Dass das keinem der Beteiligten leicht gefallen ist, darf man getrost annehmen. Schließlich steckt die Spoga+Gafa in einer Phase qualitativen und quantitativen Wachstums. Die Entwicklung der Spoga+Gafa hin zu einer global relevanten Mehrwert- und Kommunikationsplattform stehe dabei im strategischen Fokus der Messeausrichtung, schreiben die Kölner. Darauf aufbauend habe die Koelnmesse die Einflüsse der jüngsten Vergangenheit genutzt und gemeinsam mit den beteiligten Gremien über den zukünftigen Veranstaltungstermin der größten Gartenlifestyle-Messe der Welt beraten. Oliver Frese, COO der Koelnmesse, fasst die Überlegungen so zusammen: „Ziel unserer Gespräche mit der Branche ist es, gemeinsam einer starken Messe die Chance zu geben, noch weiter an Stärke und Marktrelevanz zu gewinnen. Im Mittelpunkt der Betrachtung steht dabei das über die Jahre angepasste Orderverhalten innerhalb vieler Teile der Branche. Um diesem noch besser gerecht zu werden, findet die Spoga+Gafa, beginnend im kommenden Jahr, dauerhaft Ende Mai oder Anfang Juni statt.”
Auch Köln kann Wumms
Nur Mut? Mehr als das: Mit Realitätssinn wurde die richtige Entscheidung getroffen. Ein Kommentar.

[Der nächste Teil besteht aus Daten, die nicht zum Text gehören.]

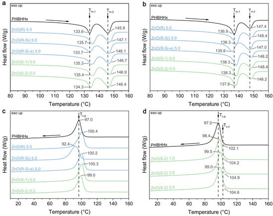 The influence of ZnO NPs on the melting and crystallization of PHBHHx was investigated with DSC. The heating and cooling scans of the PHBHHx/ZnO nanocomposite films for different ZnO types and concentrations are shown in Figure 4 and the characteristic values are shown in Table 3 and Table 4. The first and second heating scans (Figure 4a,b) and Table 3 show that the melting behavior of the PHBHHx/ZnO films is clearly defined by the multiple melting peaks of PHBHHx []. The first endothermic peak at Tm,1 originates from the melting of primary crystals formed during the initial crystallization during processing (first heating in Figure 4a) or at the single crystallization temperature (Tc) (second heating in Figure 4b) [,]. The second endothermic peak at Tm,2 is due to the melting of crystals formed by reorganization or thickening while heating in the DSC run [,]. In this way, only one well-defined crystallization peak (Figure 4c) corresponds with two endothermic melting peaks. In addition, the DSC curves of pure ZnO NP did not reveal any significant endothermic or exothermic events in the temperature range of −30 to 170 °C, as expected in agreement with previous literature []. Some changes in the heating cycles are apparent for the PHBHHx/ZnO nanocomposites. The Tm,1 and Tm,2 in the first and second heating cycles increase slightly for all ZnO types except for ZnO(R-Si), compared to neat PHBHHx. However, no significant trend of ZnO type on the crystallinity (XC,DSC) and melting enthalpy (ΔHm) is observed from DSC.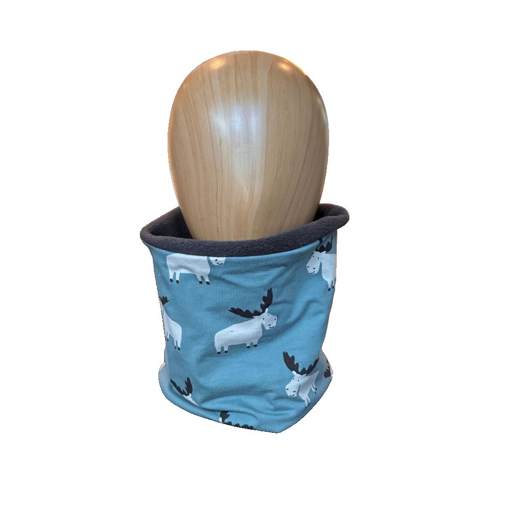 Toddler fleece lined snood. Organic Cotton Jersey outer with Moose pattern in cream and grey on Sage Green background
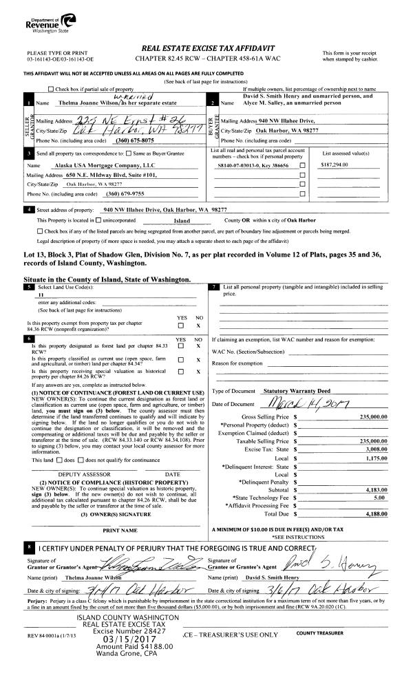 | Mailing Address: | ANNE C MILTON 26910 92ND AVE NW C5-#190 STANWOOD, WA 98292 | % Ownership: | 100.0000000000% |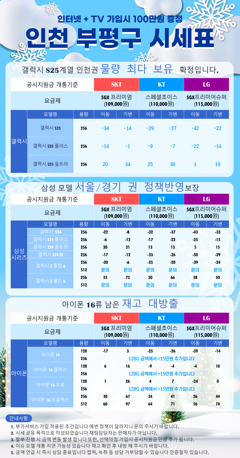 인천시 부평구 휴대폰 성지 시세표 > 경기/인천 휴대폰성지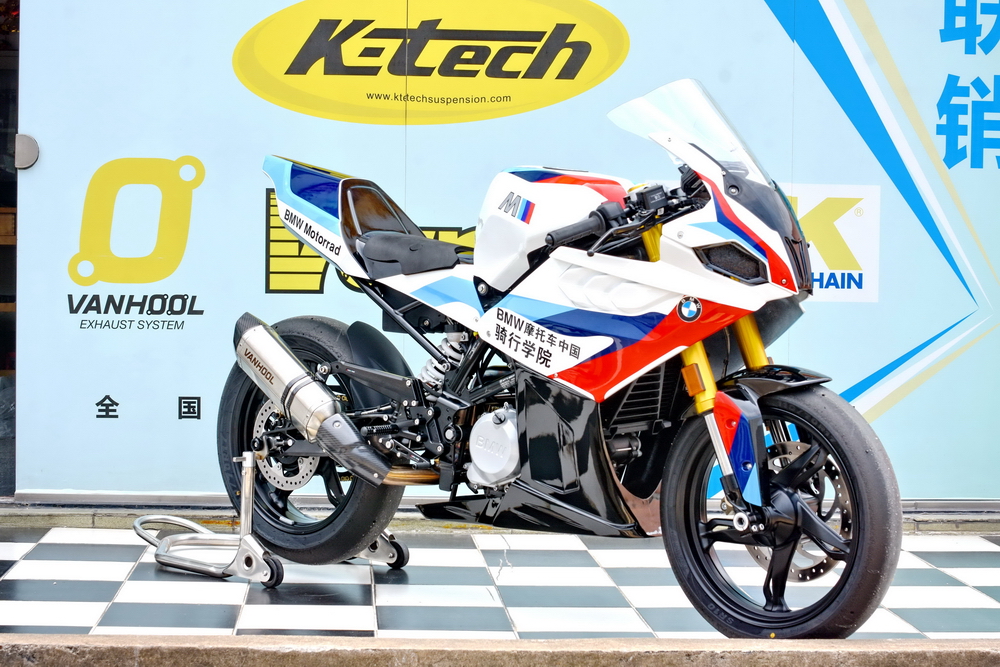 下圖:以 G 310 R 為基礎(chǔ)改裝而成的、BMW 寶馬摩托騎行學(xué)院的賽道用車(資料圖片)。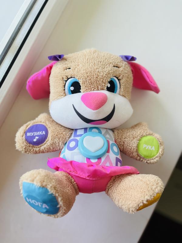 ІГРАШКА НА УКРАЇНСЬКІЙ МОВІ Плюшева навчальна іграшка для малюків, яка знайомить з понад 100 першими словами та пропонує понад 75 пісень, звуків, мелодій та фраз. Натисніть на руки, ноги, вухо та серце Сестрички (загалом 5 активацій), щоб засвітитися, почути музику, почути звуки та фрази. 3 рівні Smart Stages ростуть разом з вашою дитиною та навчають частинам тіла, формам, рахунку, алфавіту та багато іншого. Танцювальна вечірка! Натисніть і утримуйте світле серце Сестрички, щоб почути всі її пісні для спільного співу. Знайомство з причинно-наслідковою логікою та уявною грою для малюків та малюків віком від 6 місяців до 3 років. Купували в будинок іграшок за 2000, батарейки ще навіть не сіли! Стан нової тільки коробочку загубили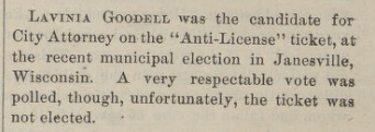 In April of 1875, 45 years before women won the right to vote, Lavinia Goodell ran for Janesville City Attorney on the Temperance, or Anti-License, ticket. It is unknown when she made the decision to run. Her diary entry for election day reported, “I run for City Atty. on Temperance ticket today. Don’t know how many votes I got, but N got elected, which I suppose will make him amiable.” The “N” in question was Pliny Norcross, Lavinia’s sometime legal mentor/sometime adversary. The following day, Lavinia reported that she had received about 60 votes, a very respectable showing from Janesville’s all male voting contingent.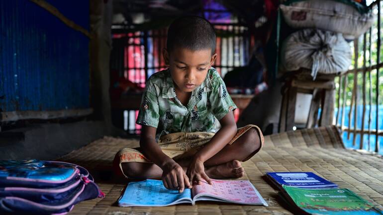 Shilpi Khatuns Sohn Tamim Hasan macht in ihrem Haus Schulaufgaben. Dank der Erträge aus ihrem Gemüsegarten kann Shilpi ihre Kinder ernähren und ihnen eine bessere Ausbildung ermöglichen.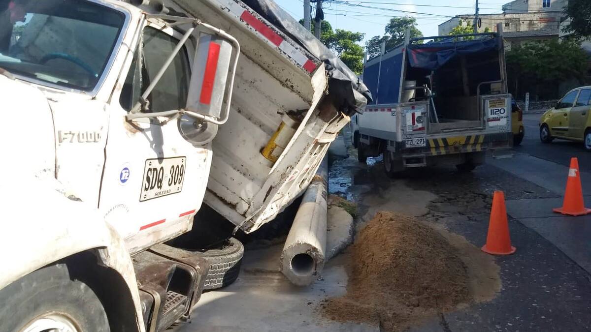 La volqueta de placa SDQ 308, también rompió una tubería 'madre' de agua potable, que ocasionó la interrupción del servicio en el sector.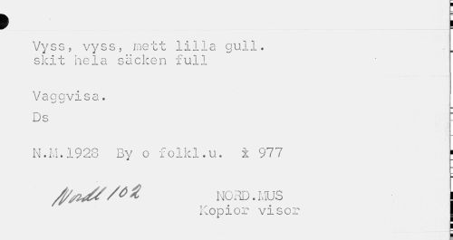 //// > //// Vyss, vyss, mett lilla gull. skit hela säcken full //// Vaggvisa« //// Ds : //// M.M. 1928 By o follcl.u. i 977 • //// % NO®. MUS ! //// Kopior visor I ////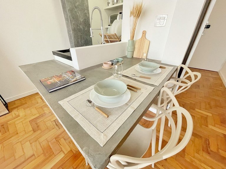 Projeto de @Zairagon Apartamento incrível no 27º andar do edifício mais famoso da cidade, o Copan. Apartamento com vista ampla e desimpedida, com uma cama Queen super confortável e SmarTV. Além disso, o apartamento conta com uma cozinha completa e mesa de jantar/trabalho, para quem quer curtir uma noite especial ou fazer seu Home Office em um lugar diferente. Para os dias mais quentes, o apartamento conta com Ar Condicionado, mas as janelas amplas já permitem uma ótima ventilação natural.

Mit Wumms, so hat es Finanzminister Olaf Scholz gesagt, als er das Corona-Konjunkturpaket angekündigt hat, werde Deutschland aus der Krise kommen. Dass nicht nur Berlin, sondern auch Köln Wumms kann (jedenfalls, aber hoffentlich nicht nur rhetorisch), hat die Koelnmesse gezeigt. Die Messegesellschaft hat viel Mut bewiesen, als sie die Spoga+Gafa für das Jahr 2020 abgesagt hat, und noch mehr Mut, als sie sie auf einen neuen Termin verschoben hat.
Nur Mut? Nein, sie hat mehr bewiesen: Realitätssinn und die Fähigkeit, auf geänderte Rahmenbedingungen mit neuen Lösungen zu reagieren – auch bei einem so unbeweglich scheinenden Dickschiff wie der Spoga+Gafa.

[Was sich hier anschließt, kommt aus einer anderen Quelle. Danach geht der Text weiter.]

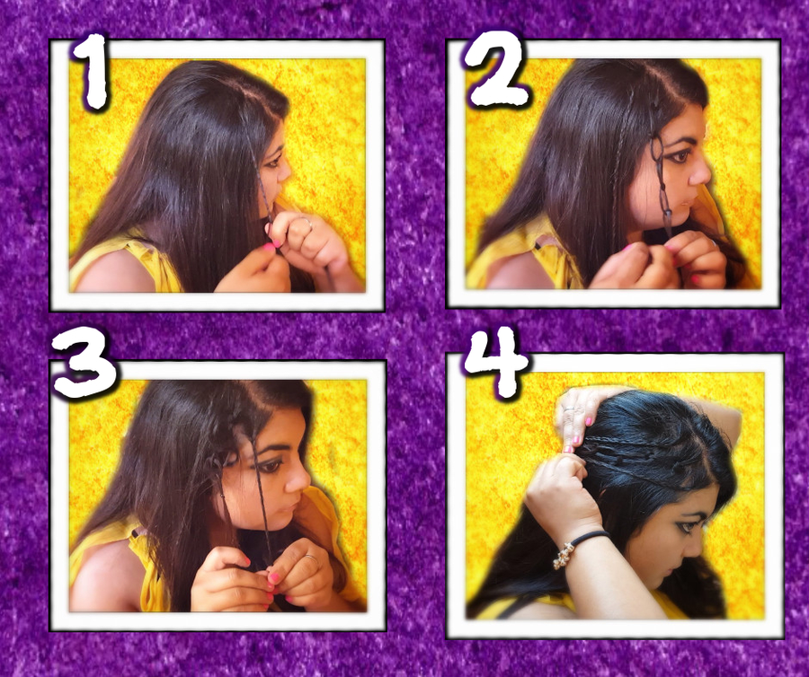 Paso 2. Tomamos otro mechón de cabello a la par de la trenza que ya hicimos, luego partimos en dos el mechón y comenzamos a hacer nudos, es decir como amarrar cordones, (pasa por abajo y luego cruza por encima y apretamos), así por todo el mechón, seguidamente al terminar el mechón del cabello lo amarramos con una goma.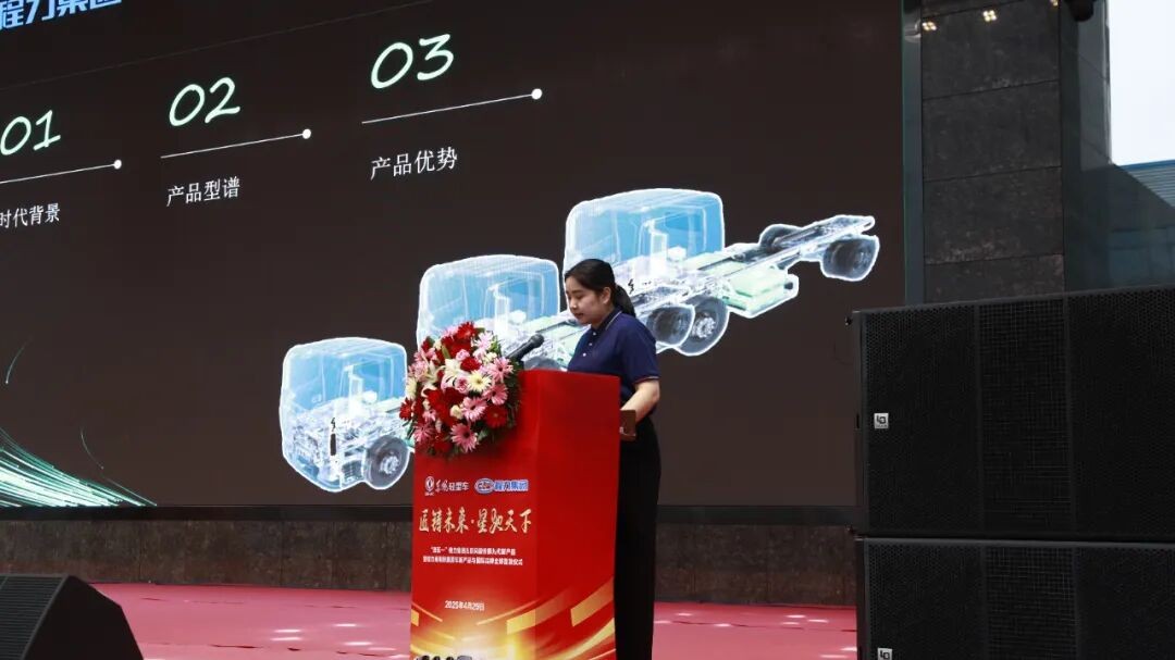 其次,程力商用车(新能源)汽车制造有限公司总经理李晓蔓,上台宣讲了本次发布的三款程力“星驰”新能源扫路车、洗扫车、压缩垃圾车,以及二款新能源轻卡、中重卡底盘的硬核实力与产品亮点。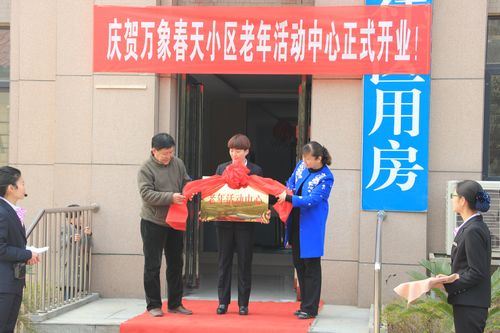2016年3月19日萬(wàn)象春天小區(qū)老年活動(dòng)中心正式成立。在這萬(wàn)物復(fù)蘇,春意盎然的季節(jié)里,萬(wàn)象春天小區(qū)隆重舉行小區(qū)老年活動(dòng)中心成立慶典儀式。希望通過(guò)開(kāi)展老年活動(dòng)來(lái)豐富老年人的業(yè)余文化生活,使老年人老有所依、老有所學(xué)、老有所為、老有所樂(lè),樹(shù)立敬老、愛(ài)老、助老的傳統(tǒng)美德,從而促進(jìn)萬(wàn)象春天小區(qū)和諧文明的建設(shè)。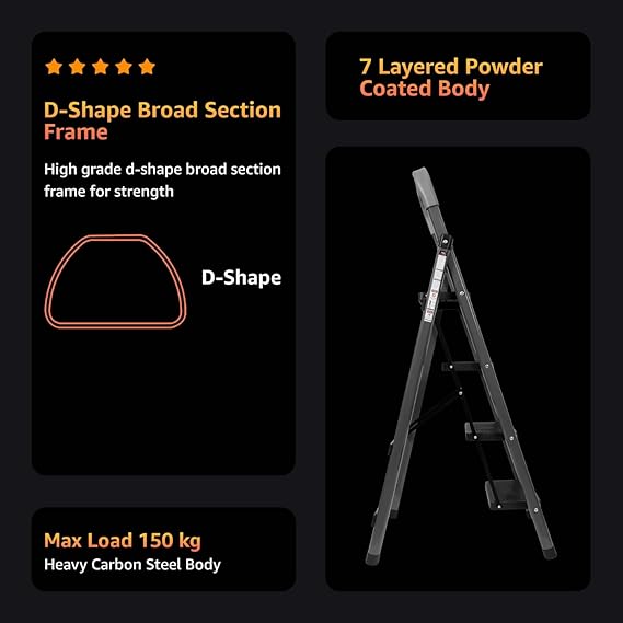 Equal 4-Step Ladder for Home | Carbon-Series Steel Folding Step Ladder with Wide Anti-Skid Steps

Dabei: Unbeweglich war diese Messe gerade in den jüngsten Jahren nicht. Darauf weisen die Kölner zu Recht hin. Rahmenprogramm, Messemotto, die POS-Inseln, die mit dem IVG auf die Beine gestellten Sonderflächen, auf die auch in früheren Jahren verloren gegangene Aussteller zurückgekehrt sind – all das belegt nicht nur, dass die Messemacher kreative waren und sind, sondern vor allem auch, dass sie durch kontinuierlichen Dialog ein Gespür dafür haben, was die Branche will und braucht.
Die Kombi aus Mut, Realitätssinn und Gespür führte nun auch zur, wie ich finde, richtigen Entscheidung, die Messe ein gutes Stück im Jahr vorzuverlegen. Dieser Termin wird nicht allen gefallen – aber das hat der bisherige auch nicht getan. Doch gerade für die Baumärkte und andere große Distributionsformen liegt er richtig.
Schon seit Jahren haben sich vor allem diejenigen Aussteller (und die für sie relevanten Besucher), die ihre Ware in Fernost produzieren (lassen), über den für ihr Geschäft viel zu späten Termin beklagt. Anfang September war der Drop längst gelutscht, wenn es um große Mengen in den Hauptsortimentsbereichen Gartenmöbel und Grills ging.
Mit Blick auf die Besuchergruppe der Gartencenter und des Fachhandels hieß es dabei immer: Für sie ist der Termin als letzte Ordermöglichkeit zur kommenden Saison gut. Doch dazu passte nicht, dass die – freilich viel kleinere – Gardiente von Anfang an auf den Frühsommertermin gesetzt hat, obwohl sie doch genau auf diese Sortimente und diese Besuchergruppe spezialisiert ist. Und auch die (in den vergangenen Jahren immer wieder gebeutelte) Tendence in Frankfurt findet Anfang Juli und damit deutlich früher als die Spoga+Gafa bislang statt.
Ob sie für oder gegen eine Absage waren: Alle potenziellen Aussteller haben in den viel beschworenen Corona-Zeiten das Problem, dass sie mit ihren Zielgruppen irgendwie kommunizieren müssen – ohne die Möglichkeit, ihre Produkte erlebbar zu machen, oft ohne den echten, nicht-virtuellen Kontakt von Mensch zu Mensch, dafür aber mit einem viel größeren Aufwand für alle Beteiligten.
Das Fehlen einer Messe verschärft dieses Problem nur noch weiter und zeigt dadurch, wie wichtig starke Messen für starke Branchen sind. Deshalb verstehe ich die Entscheidung der Koelnmesse als eine Entscheidung aus einer Position der Stärke heraus: Man hat die Krise zu nutzen gewusst – mit Wumms.